3 de noviembre de 2008 - Managua, Nicaragua


FotoAdelmo Sandino


Nicaragua debe profundizar en las labores de conservación, manejo y mejoramiento de semillas, semillas criollas y forrajes tropicales

El mundo actual se debate entre la crisis de los altos precios de los alimentos y la seguridad alimentaria, sobre todo en los países pobres y en vías de desarrollo. Tal situación llevó a la Organización de las Naciones Unidas para la Agricultura y la Alimentación (FAO), en junio de este año, a la realización de una cumbre de emergencia de Estados para buscar soluciones a lo que ha sido catalogado como el mayor obstáculo para cumplir con las metas del milenio.

Los resultados de dicha cumbre, sin embargo, fueron muy criticados y se limitaron a planteamientos y acciones de largo plazo, inadecuadas para hacerle frente al problema de hoy que promete profundizarse. Una vez más la pregunta es: ¿Qué pueden hacer a lo interno los países en el aprovechamiento de sus propios recursos, en el contexto de la apertura comercial del DR-CAFTA?

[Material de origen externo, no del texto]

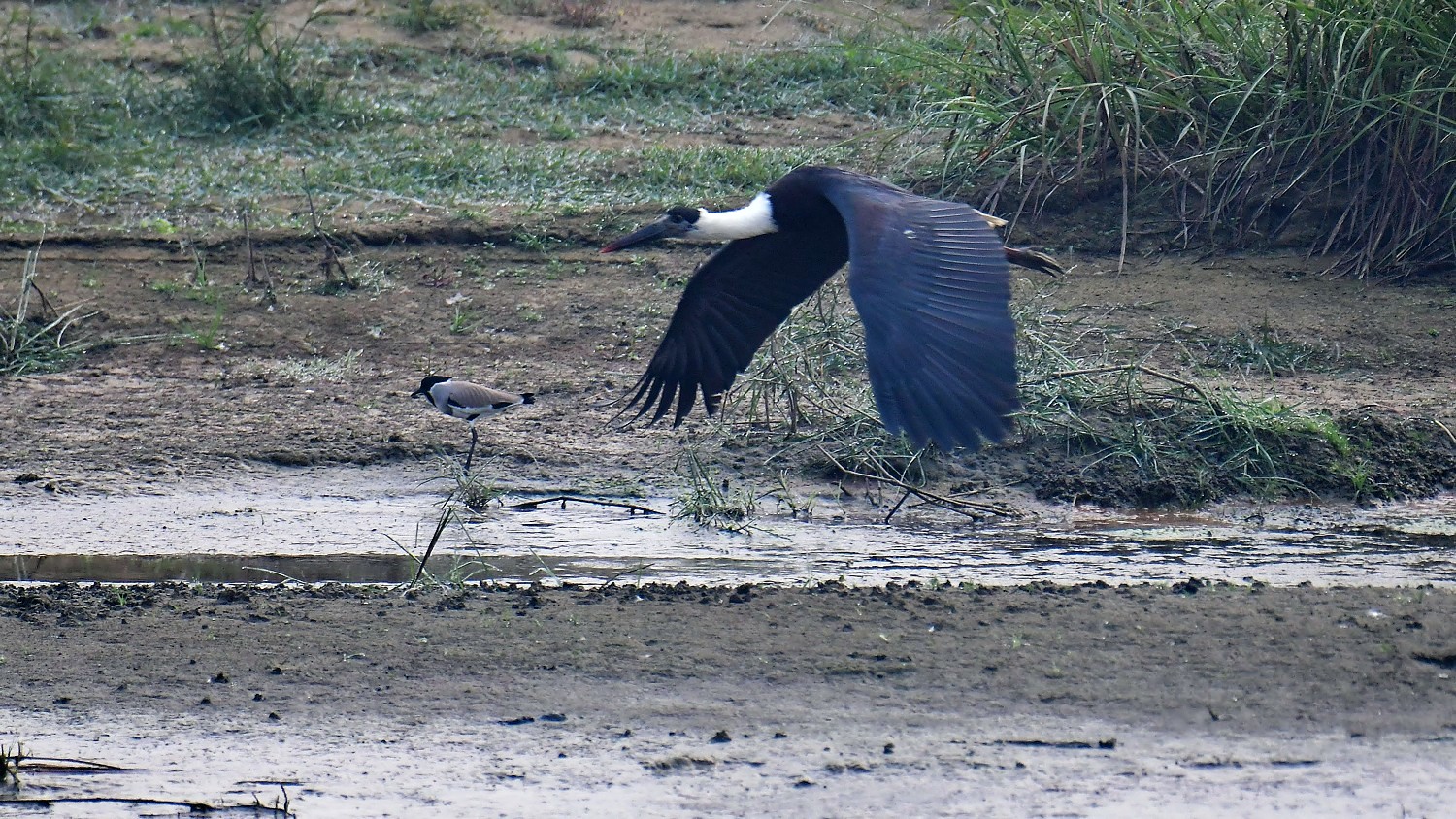 The Asian woolly-necked stork or Asian woollyneck is a species of large wading bird in the stork family Ciconiidae. It breeds singly, or in small loose colonies. It is distributed in a wide variety of habitats including marshes in forests, agricultural areas, and freshwater wetlands across Asia.
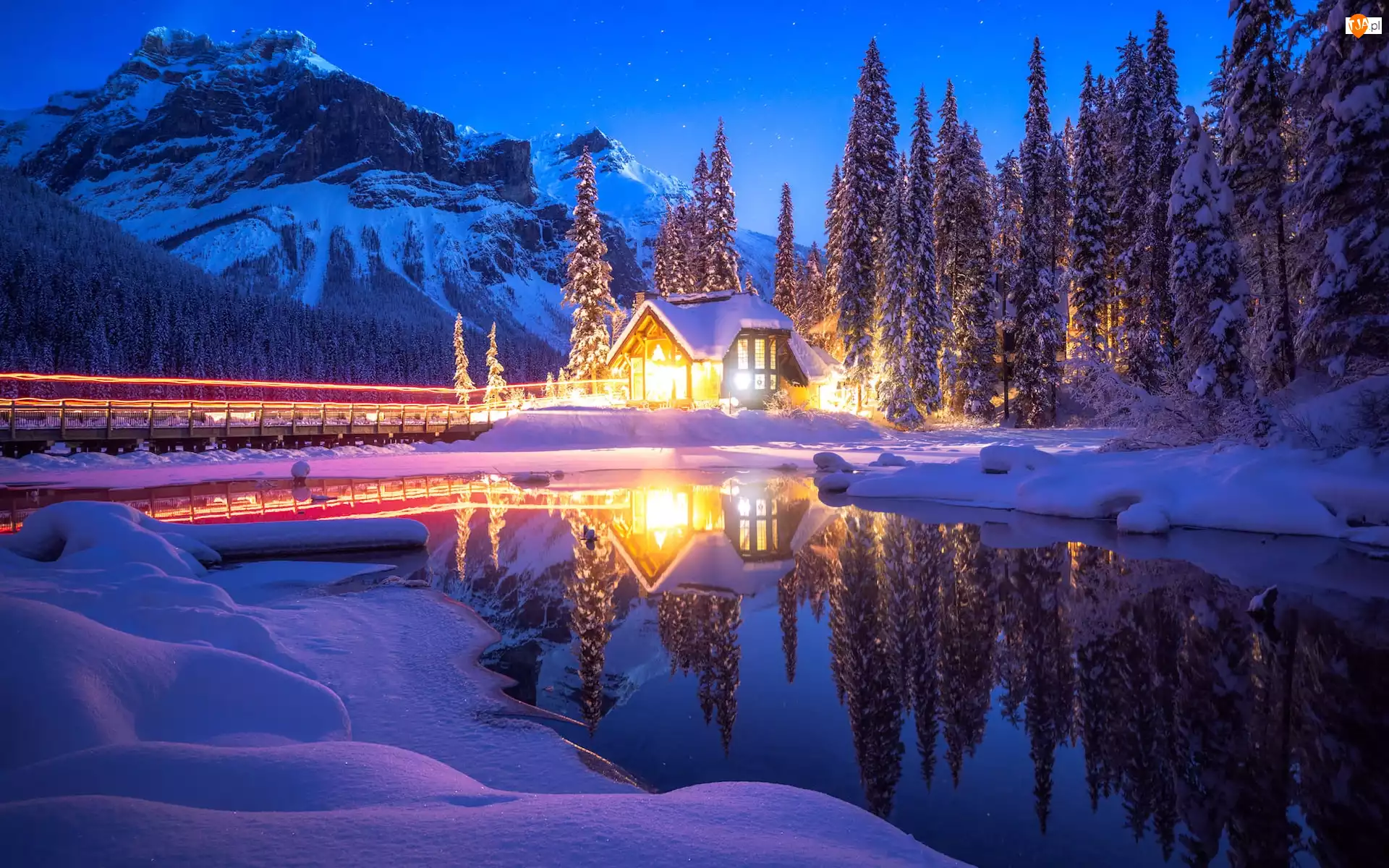 Emerald Lake, Oświetlony, Drzewa, Góry, Park Narodowy Yoho, Prowincja Kolumbia Brytyjska, Dom, Zima, Las, Jezioro, Kanada

Fitogenéticos: Comida para el futuro



Los Recursos Fitogenéticos (RFG), según la FAO, son cualquier material genético de origen vegetal de valor real o potencial para la alimentación y la agricultura. En el año 2004 entró en vigencia el Tratado Internacional sobre Recursos Fitogenéticos, del cual Nicaragua es signataria, como un plan global para la alimentación y la agricultura en los años venideros.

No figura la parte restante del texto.